This is a bit weird. About twenty minutes ago, I finished a cigarette, got into "bed", and began reading a book which I am approximately halfway through and which is rapidly becoming one of my favourite books. The bit I was reading quickly became rather abstract and simultaneously extremely silly (typical of this author), and because the book is written in a somewhat conversational tone, the author suggested a break and inserted a(n)* (seemingly -- I haven't read past it yet) unrelated poem. I don't generally smoke a cigarette every twenty minutes, but at the suggestion of taking a break, an activity I often accompany with smoking, I felt a compelling psychosomatic urge to smoke, and I did.
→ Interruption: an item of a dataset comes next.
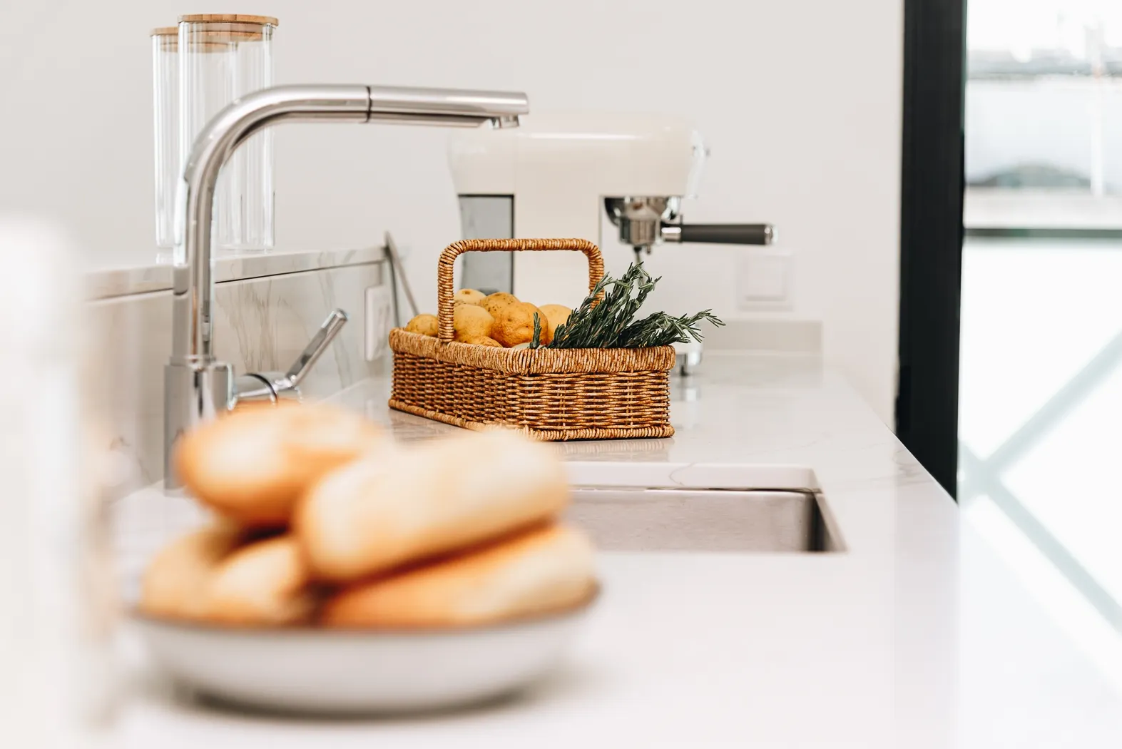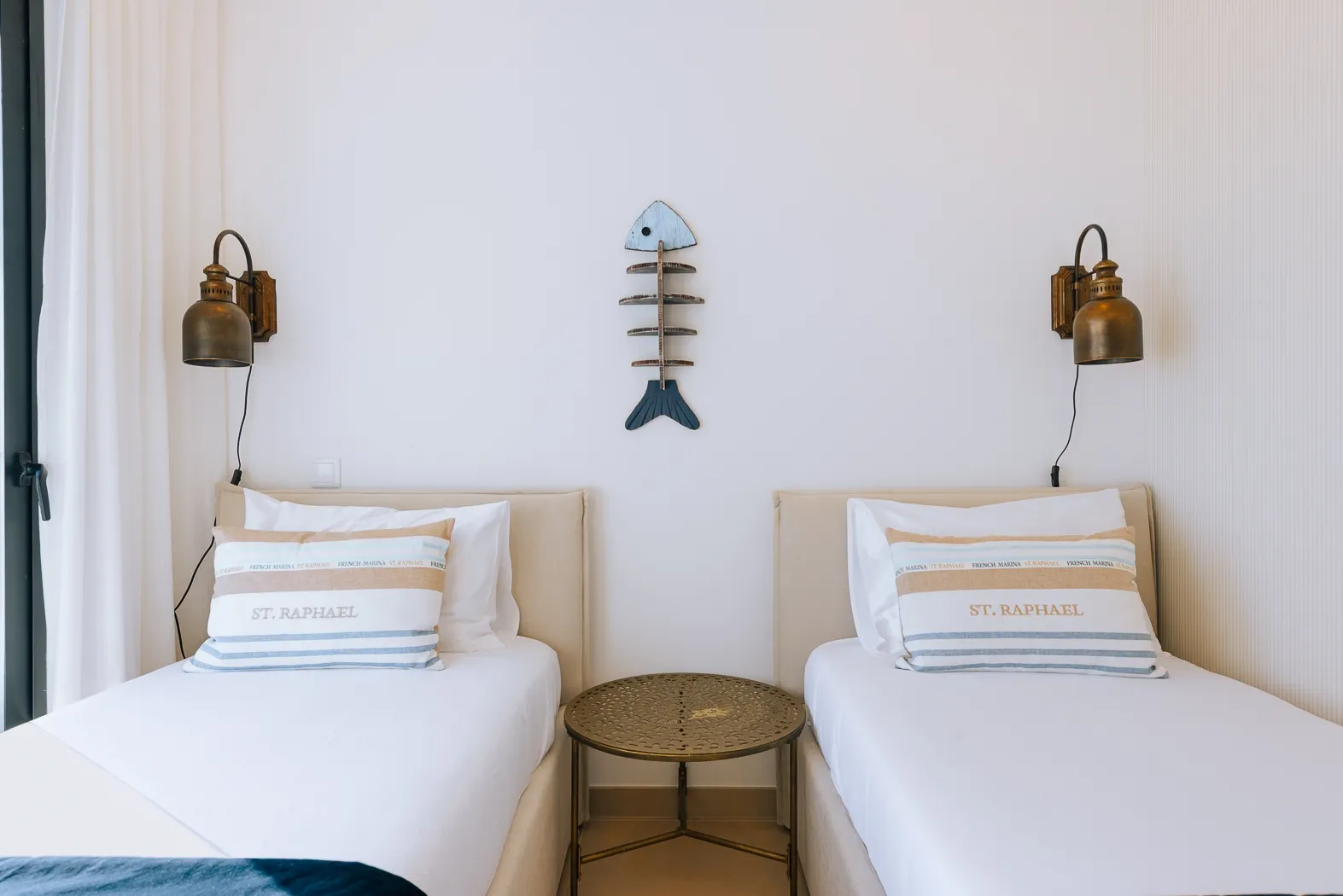 The overall atmosphere evokes a day by the seaside, with sandy colors, abundant natural light, and a touch of extravagance.

Now the book I have probably read, at least in a cover-to-cover fashion, more than any other, and which informs the way I think about many things, is also by this author, and I know it so intimately that I feel, when reading this person's prose, that I am engaged in conversation with this person. Even further, this author seems to think about many things in a way that is very close to my own tendencies, and I therefore feel a slight kinship. My question is, did the author effectively tell me to smoke, in a similar manner to the way people take all sorts of cues from cultural icons? For those who've read or heard of Julian Jaynes**, was this some sort of vestige of my bicameral mind at work, using something I read, instead of an auditory hallucination, as its medium?
*Question for Noodles' ilk: do I say "a" or "an" here? It must be "a" in speech because of the parenthetical "seemingly", but in speech we often conflate the two articles based on the sounds of vowels -- mathematicians say "there exists a unique..." so often that it begins to grate on my soul.
**Interesting, but not the author I'm currently reading, although that author has written about vaguely similar subjects and the two have theories of the mind which probably oppose each other where they intersect.